EXERCISE OBJECTIVE — A picture-free, exact transcript of the entries below is required.

====== DATA SHOWN

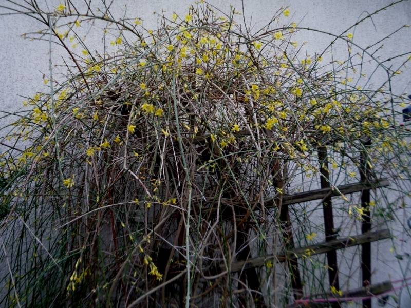 Ewo ten na żółto kwitnący krzew. to jaśmin nagokwiatowy kwitnie jesienią i wczesną wiosną .
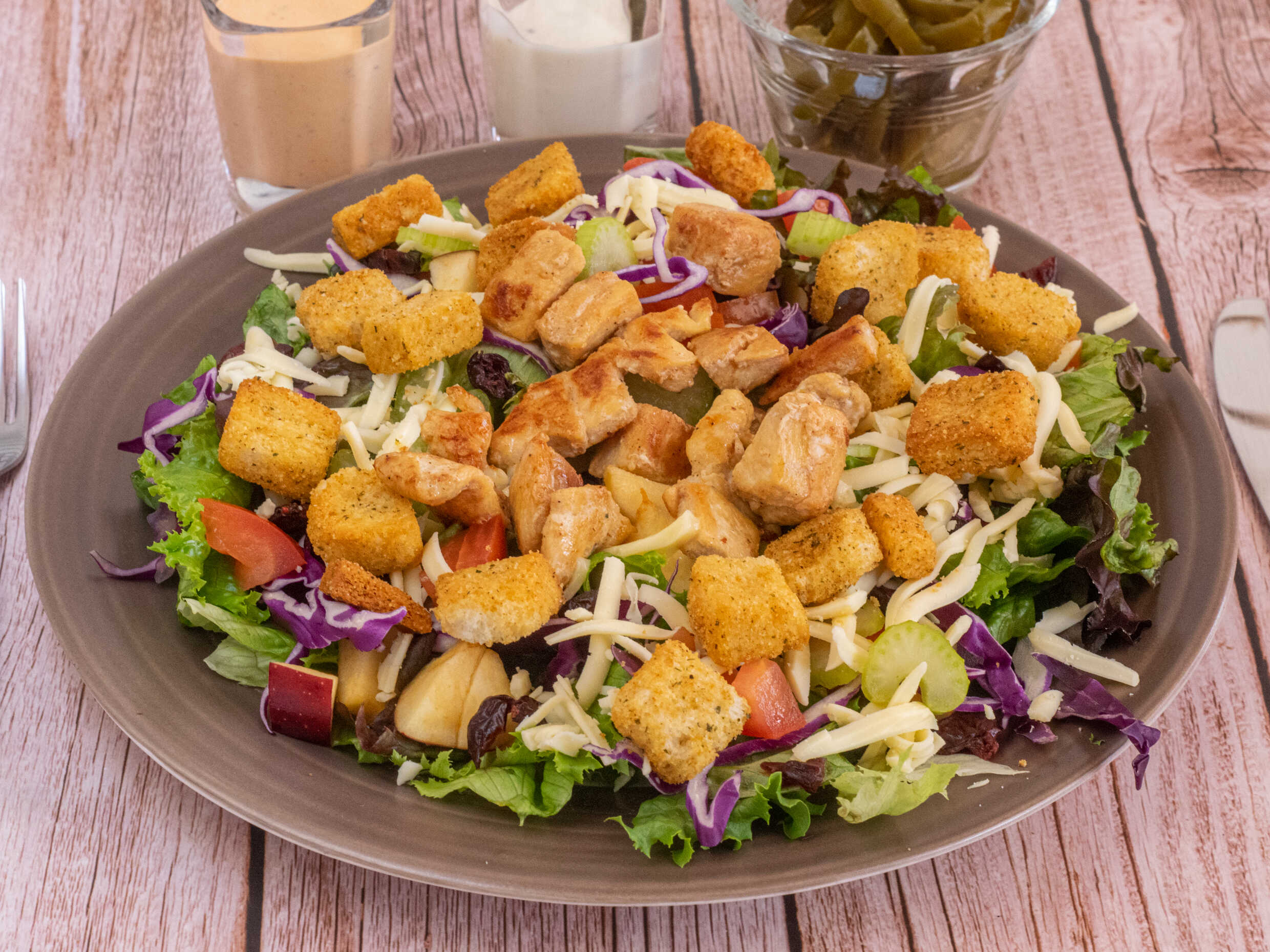 Mix de lechugas, pechuga de pollo, tomate, pepino, manzana verde, col morada, apio, arándanos, queso Chihuahua, crotones, y aderezo.
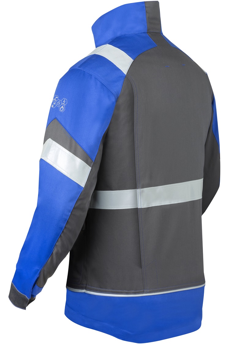 The flame-retardant and antistatic short jacket from the HAVEP® 5safety Image+ collection meets 6 standards and is made of cotton/polyester.
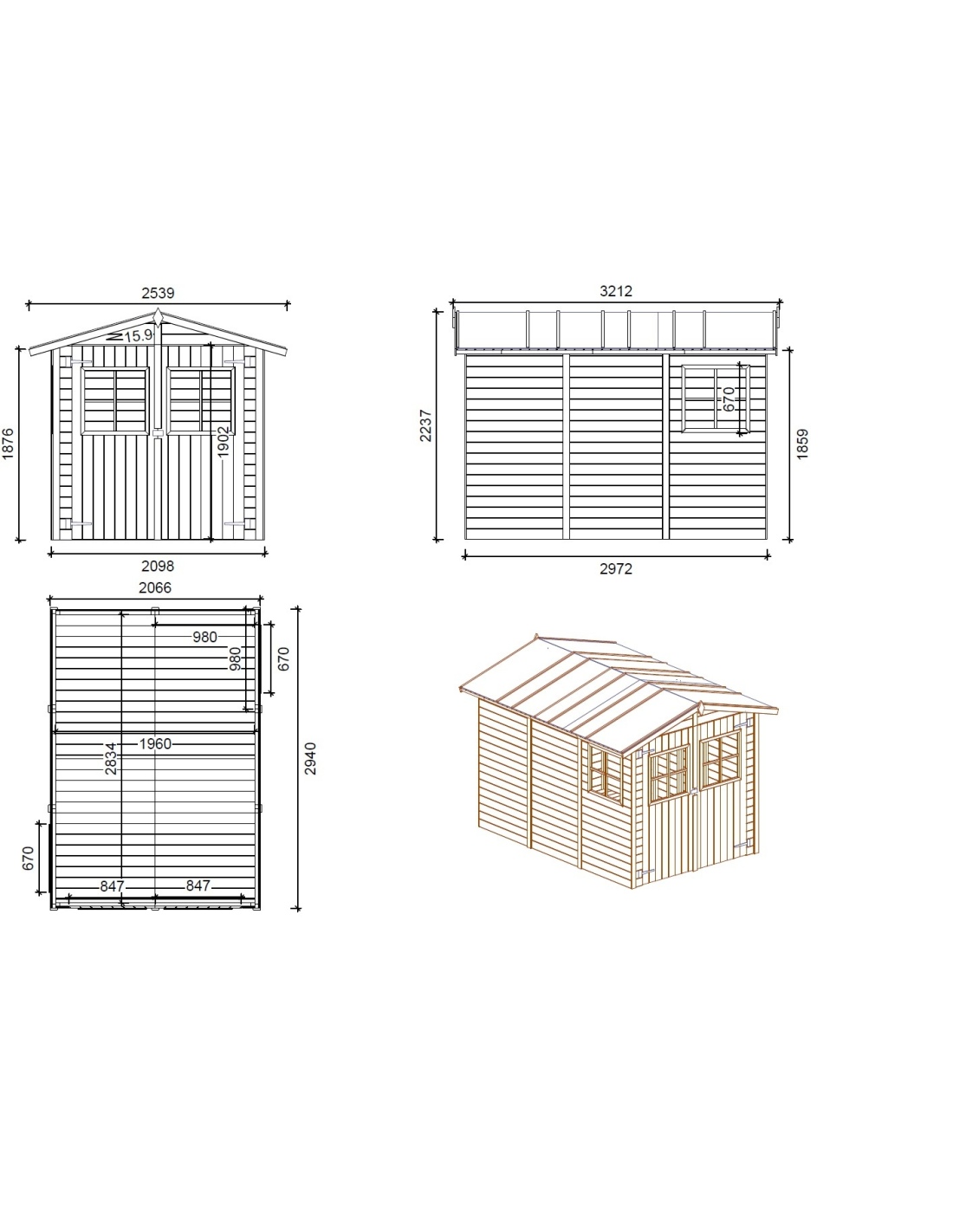 Gartenhaus aus Holz DOM646 von ALTANKA p.s.a. Es ist aus hochwertigem Holz gefertigt. Es ist 2.07M breit und 2.94M tief.
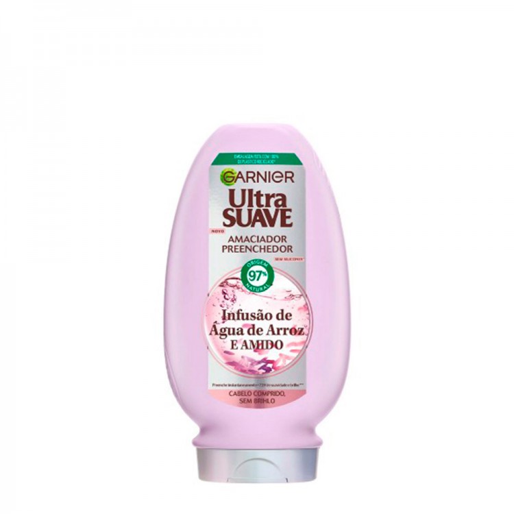 Garnier Ultra Suave Infusão de Água de Arroz Condicionador 200ml: Este condicionador nutritivo, com fórmula vegana e enriquecida com Ácido Hialurónico e Manteiga de Karité, desembaraça e amacia os fios.
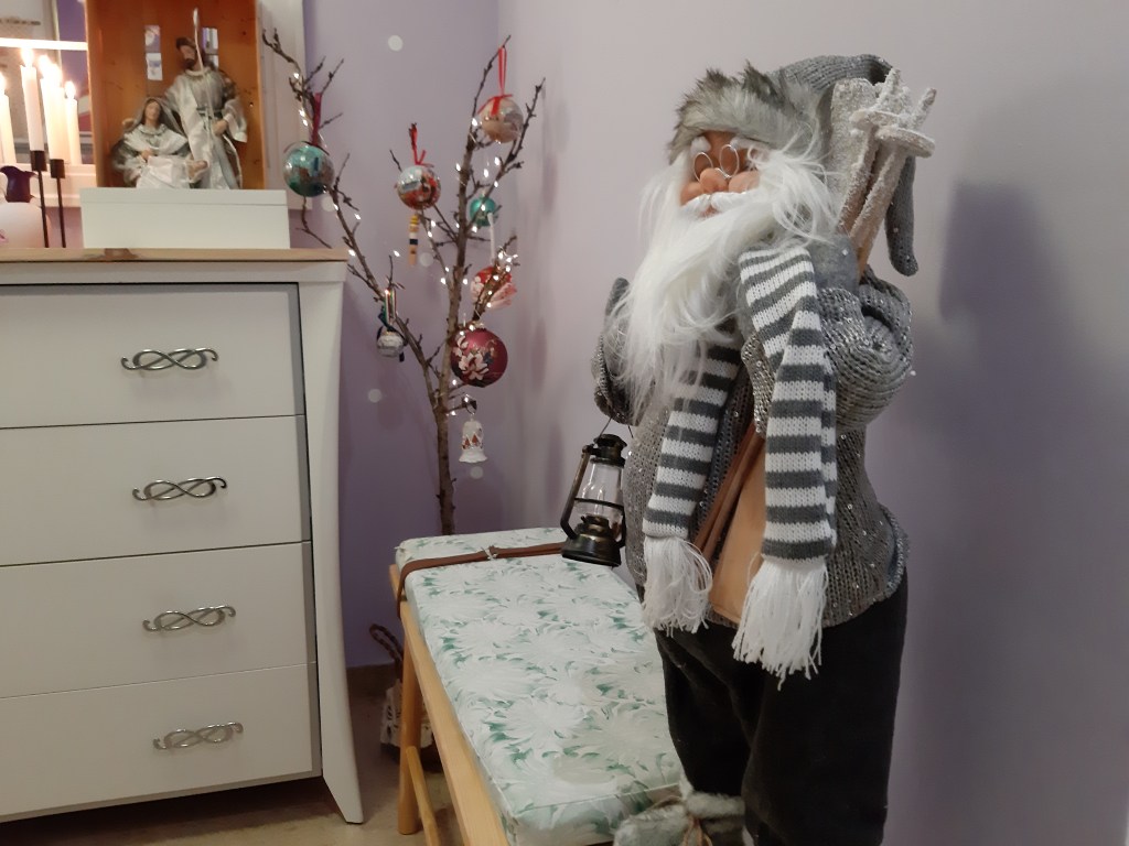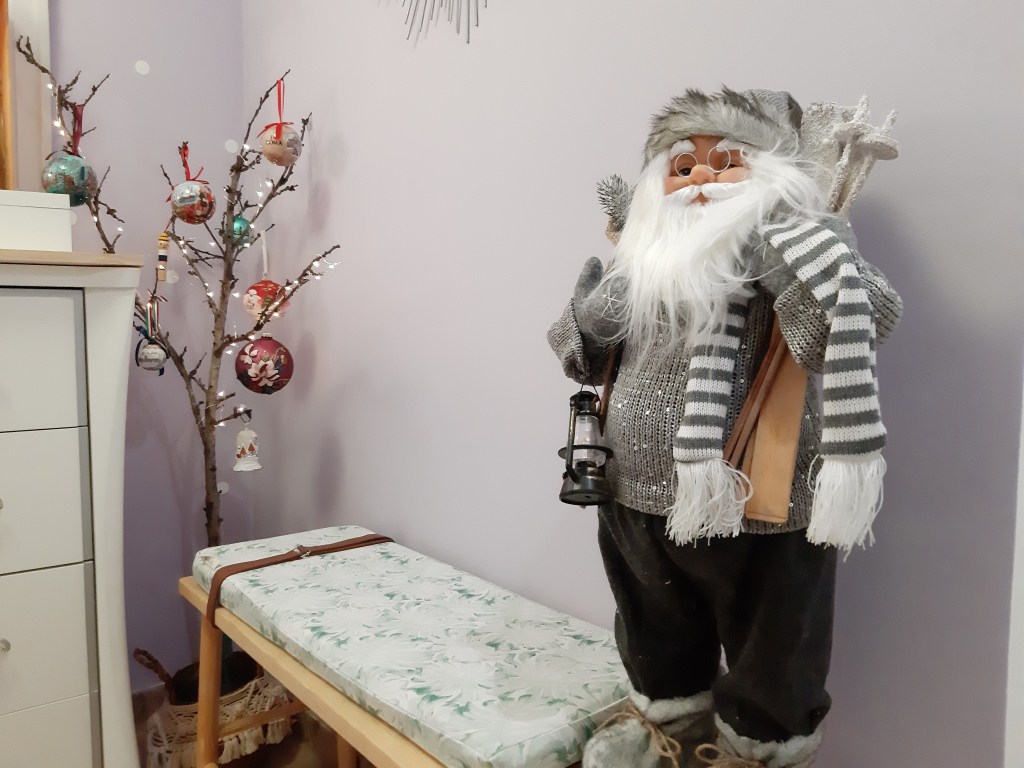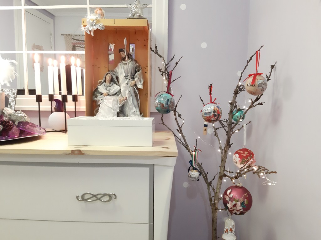 El recibidor lo preside un espejo ventana que también hice yo y, sobre él, una guirnalda que dejo todo el año. En el banco, mi Papa Noel precioso y en la esquina, una rama iluminada a modo de arbolito de donde cuelgan las bolas que hemos comprado en nuestros viajes navideños. Sobre la cómoda, el nacimiento en una caja de frutas y unas velas, completan el look navideño.
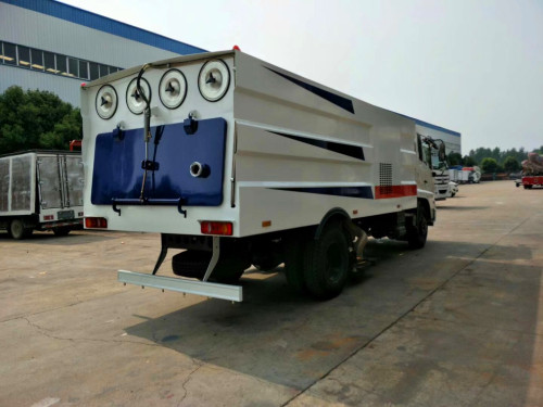 東風天錦吸塵車 上裝配置:2立方水箱、8立方不銹鋼垃圾箱,中置吸盤、康明斯副發動機、施耐德控制開關、海普瑞思電磁閥組、無極變速自動離合器、免維護離心式風機、不銹鋼垃圾箱、高精度垃圾箱過濾系統(最高可達0.3微米)、進口脈沖閥、PLC一鍵智能控制系統、尾部LED箭頭燈、手動泵應急系統、車尾霧狀噴水潤濕功能。可選裝前置雪鏟、掃雪滾。

============

WRITTEN RESPONSE —
 Ewo ten na żółto kwitnący krzew. to jaśmin nagokwiatowy kwitnie jesienią i wczesną wiosną .
 Mix de lechugas, pechuga de pollo, tomate, pepino, manzana verde, col morada, apio, arándanos, queso Chihuahua, crotones, y aderezo.
 The flame-retardant and antistatic short jacket from the HAVEP® 5safety Image+ collection meets 6 standards and is made of cotton/polyester.
 Gartenhaus aus Holz DOM646 von ALTANKA p.s.a. Es ist aus hochwertigem Holz gefertigt. Es ist 2.07M breit und 2.94M tief.
 Garnier Ultra Suave Infusão de Água de Arroz Condicionador 200ml: Este condicionador nutritivo, com fórmula vegana e enriquecida com Ácido Hialurónico e Manteiga de Karité, desembaraça e amacia os fios.
 El recibidor lo preside un espejo ventana que también hice yo y, sobre él, una guirnalda que dejo todo el año. En el banco, mi Papa Noel precioso y en la esquina, una rama iluminada a modo de arbolito de donde cuelgan las bolas que hemos comprado en nuestros viajes navideños. Sobre la cómoda, el nacimiento en una caja de frutas y unas velas, completan el look navideño.
 東風天錦吸塵車 上裝配置:2立方水箱、8立方不銹鋼垃圾箱,中置吸盤、康明斯副發動機、施耐德控制開關、海普瑞思電磁閥組、無極變速自動離合器、免維護離心式風機、不銹鋼垃圾箱、高精度垃圾箱過濾系統(最高可達0.3微米)、進口脈沖閥、PLC一鍵智能控制系統、尾部LED箭頭燈、手動泵應急系統、車尾霧狀噴水潤濕功能。可選裝前置雪鏟、掃雪滾。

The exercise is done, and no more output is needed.